Entries taken from a collection
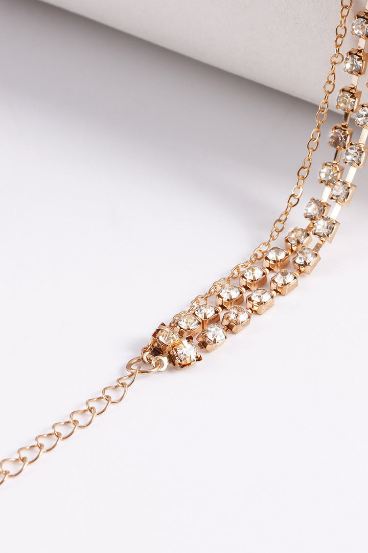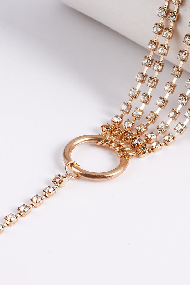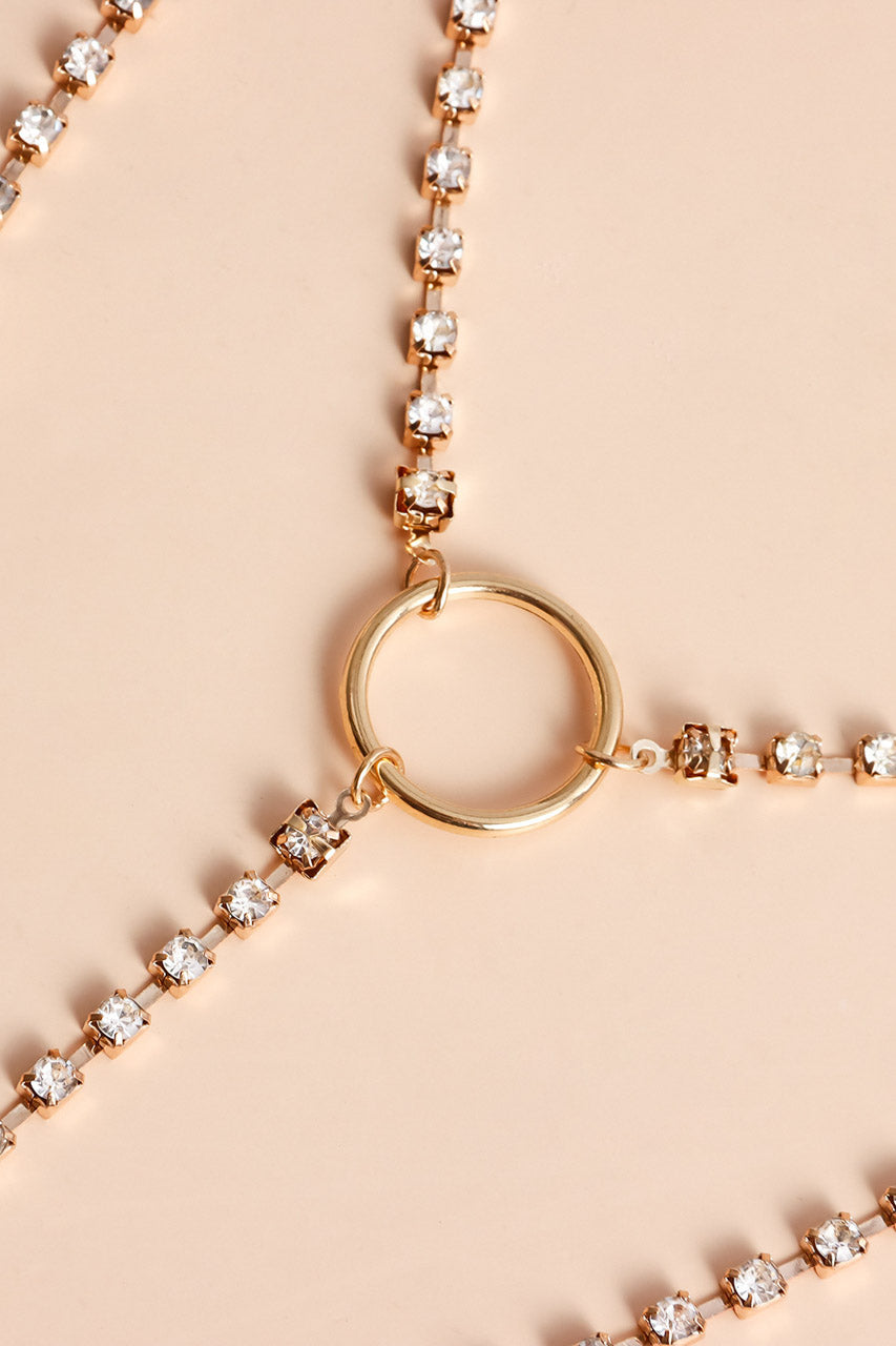 This draped harness body jewelry features an O-ring mid-bust detail.
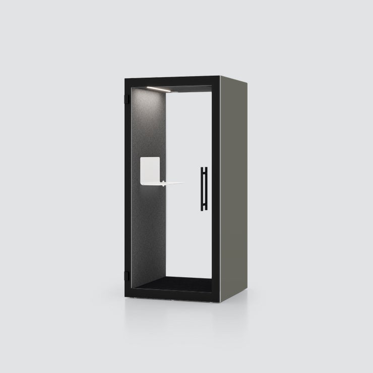 Chatbox Single, tyst rum för 1 person, Grå Charming smoke utsida med grå tygbeklädd insida, inkl. bord, belysning och ventilation
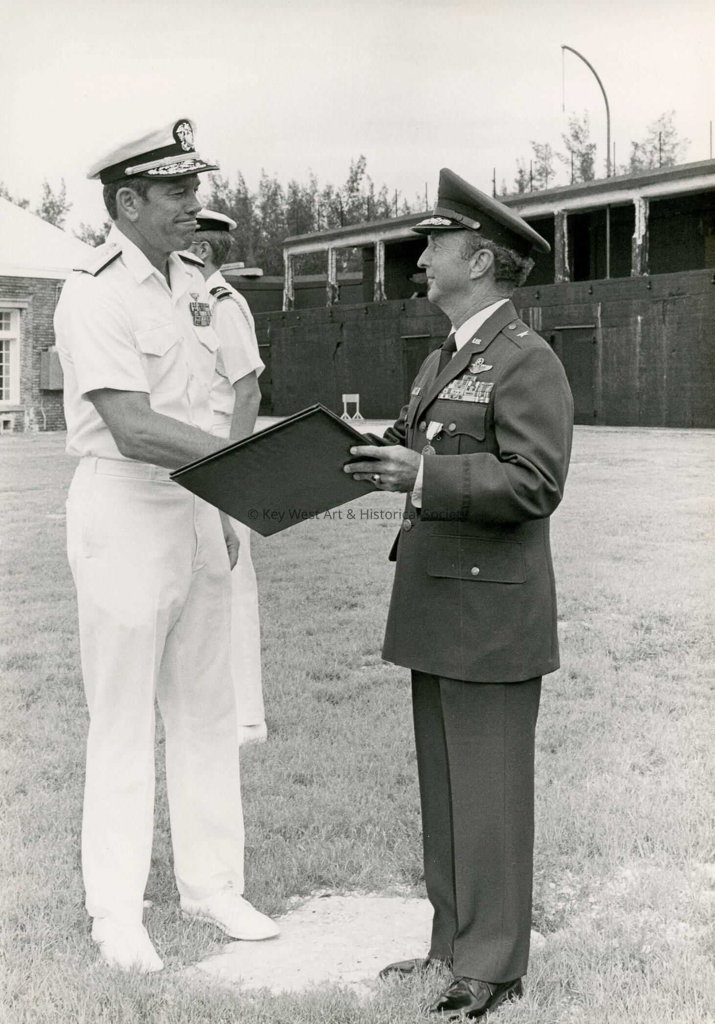 Black and white photograph of an unknown U.S. Army Brigadier General and an unknown U.S. Navy Rear Admiral at Fort Zachary Taylor.
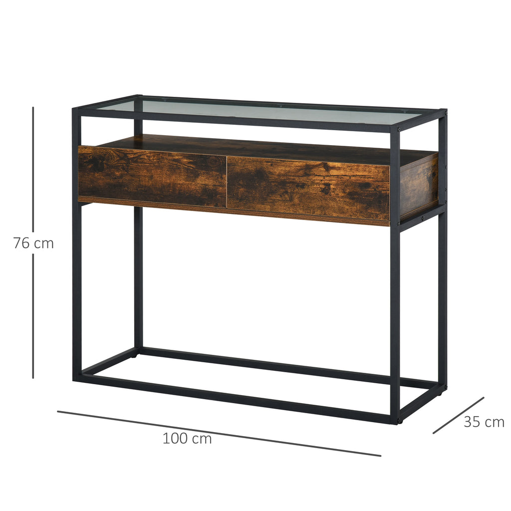 Console Fixe 100x35x76 cm en Métal et Bois avec Plateau en Verre
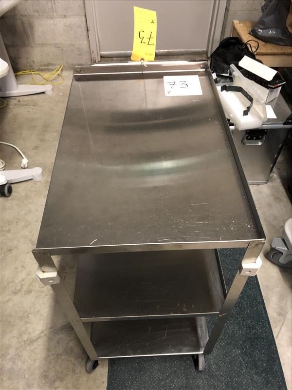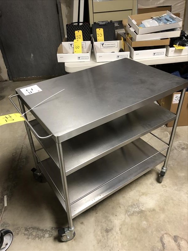 Portable stainless-steel cart 34 in H, 3 shelves, 22.5 in by 34.5 in surface area

== Activity ==
Please reproduce the lines above from the one containing "Console Fixe 100x35x76" through the final line, exactly and inclusively, leaving out each picture.

== Solution below ==
 Console Fixe 100x35x76 cm en Métal et Bois avec Plateau en Verre
 Portable stainless-steel cart 34 in H, 3 shelves, 22.5 in by 34.5 in surface area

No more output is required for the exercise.